Something about database and recursion
The first recursion you should know is a tree. It is used for directed graphs with a single root. Like a company and its sub companies.
This is a so called "fishhook" in an ER Diagram (to be exact: It's a fishhook when it has a direction and an existance depends on the root object).
+----------+
| company | <---+
+---+------+ * |
|1 |
+------------+
owns
But what you need is not a tree. A follows
relation is a many to many relation with no direction. So we have to change the model:
+----------+
| user | ----+
+---+------+ * |
|* |
+------------+
follows
To archive this, you need a table to store the relations.
Let us call the table follower. It will contain the id of the follower and the followed user. For each unique combination there is an entry in the database.
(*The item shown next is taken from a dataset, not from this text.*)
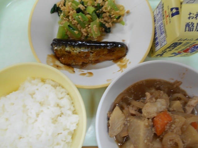 ごはん 牛乳 いわしの梅煮 納豆和え 鶏肉と里芋のごま煮
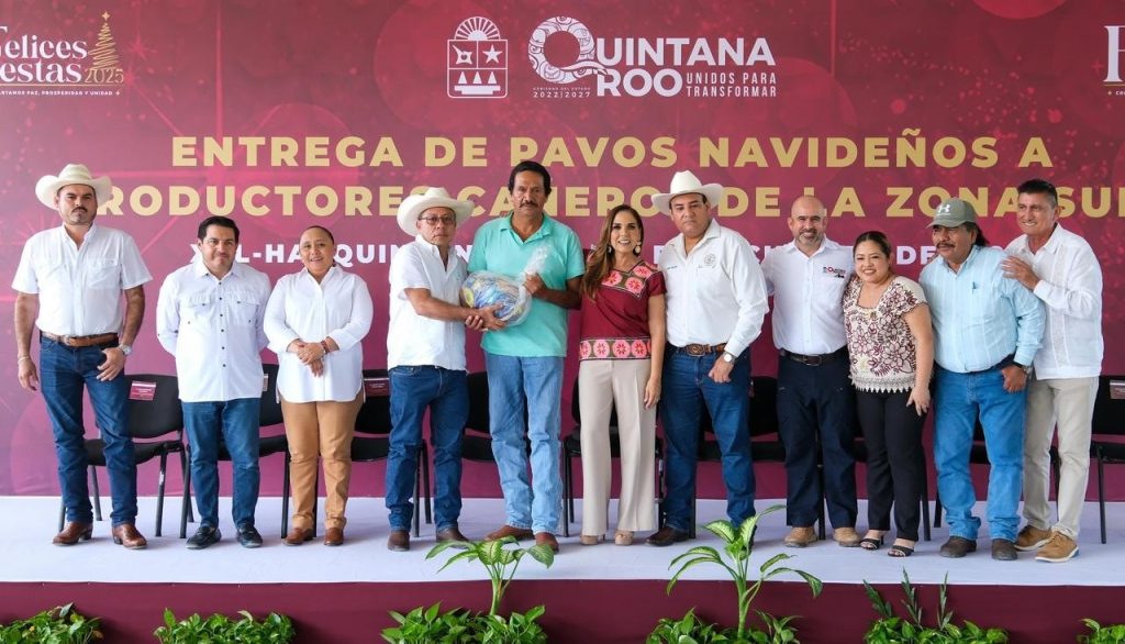 Xul-Ha, Othón Pompeyo Blanco, Quintana Roo, 15 de diciembre de 2025.- La gobernadora Mara Lezama Espinosa expresó su total respaldo a los cañeros del sur de Quintana Roo durante un evento de entrega de 3 mil 640 pavos a productoras y productores, en respuesta a una petición, una necesidad, para fortalecer a las familias en esta temporada navideña.

A script to create it, (in postgres dialect):
CREATE TABLE public.user (
id bigint NOT NULL,
name character varying(100) NOT NULL
);
CREATE TABLE public.follower(
id bigint NOT NULL,
follower_id bigint NOT NULL
);
-- pk user
ALTER TABLE ONLY public.user
ADD CONSTRAINT user_pkey PRIMARY KEY (id);
-- pk follower
ALTER TABLE ONLY public.follower
ADD CONSTRAINT follower_pkey PRIMARY KEY (id, follower_id);
-- foreign keys
ALTER TABLE ONLY public.follower
ADD CONSTRAINT follower_fk1 FOREIGN KEY (id) REFERENCES public.user(id);
ALTER TABLE ONLY public.follower
ADD CONSTRAINT follower_fk2 FOREIGN KEY (follower_id) REFERENCES public.user(id);
Some impacts of this model
If you have a graph like that: bob follows judy, judy follows bob
you may end in an endless loop.
If you want to find followers of followers ... you have to query
several times. There are some vendor specific extensions for
recursive queries, but plain ANSI SQL doesn't support this (and so
your OR Mapper will no support it out of the box).
My point of view: It is a model, where a relational database doesn't fit well. A graph DB, like neo4j is a better choise for that case.